* [Exercise requirements] Transcribe the full listing without changing a word, and omit its pictures.

* [Data segment]
((

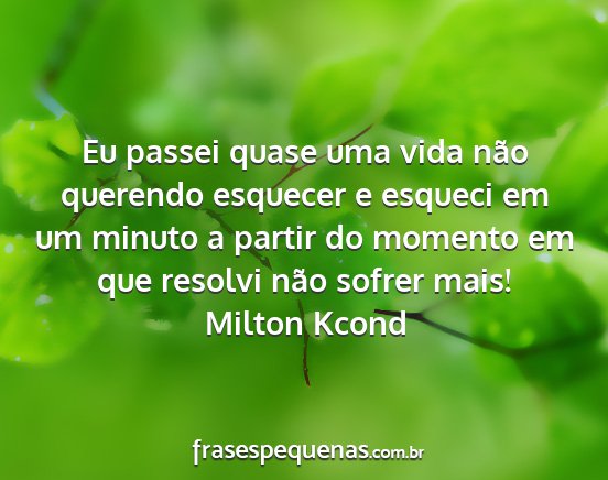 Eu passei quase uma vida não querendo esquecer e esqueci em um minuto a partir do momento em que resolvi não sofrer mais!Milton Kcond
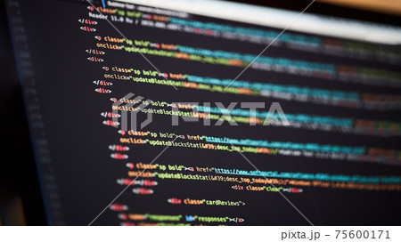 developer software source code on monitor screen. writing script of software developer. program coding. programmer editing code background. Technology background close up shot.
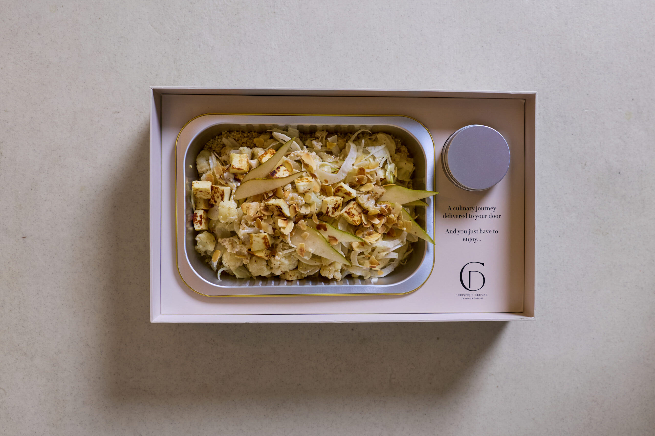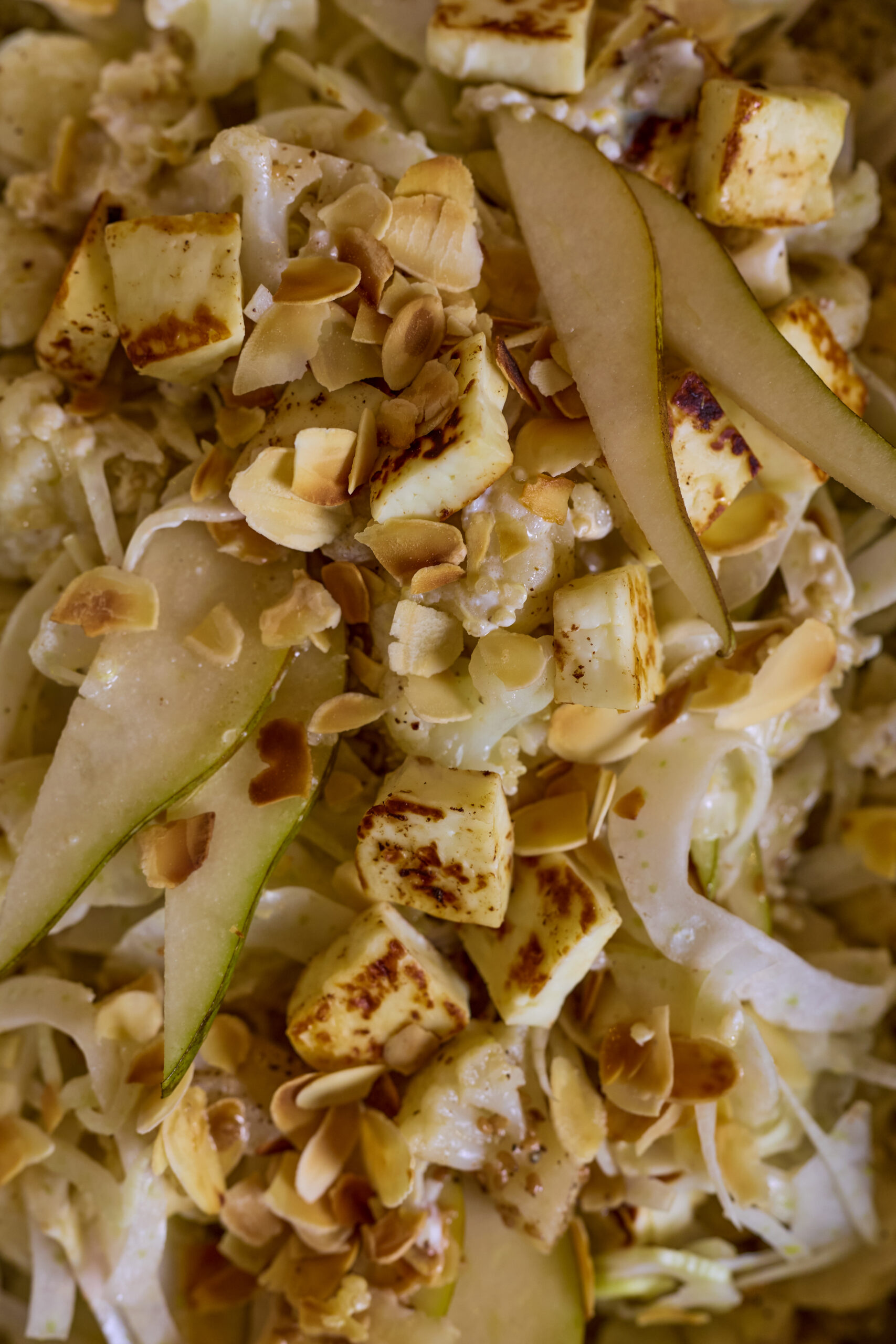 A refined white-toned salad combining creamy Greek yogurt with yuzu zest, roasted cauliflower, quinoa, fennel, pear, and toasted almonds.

))

* [Answer to this problem]
 Eu passei quase uma vida não querendo esquecer e esqueci em um minuto a partir do momento em que resolvi não sofrer mais!Milton Kcond
 developer software source code on monitor screen. writing script of software developer. program coding. programmer editing code background. Technology background close up shot.
 A refined white-toned salad combining creamy Greek yogurt with yuzu zest, roasted cauliflower, quinoa, fennel, pear, and toasted almonds.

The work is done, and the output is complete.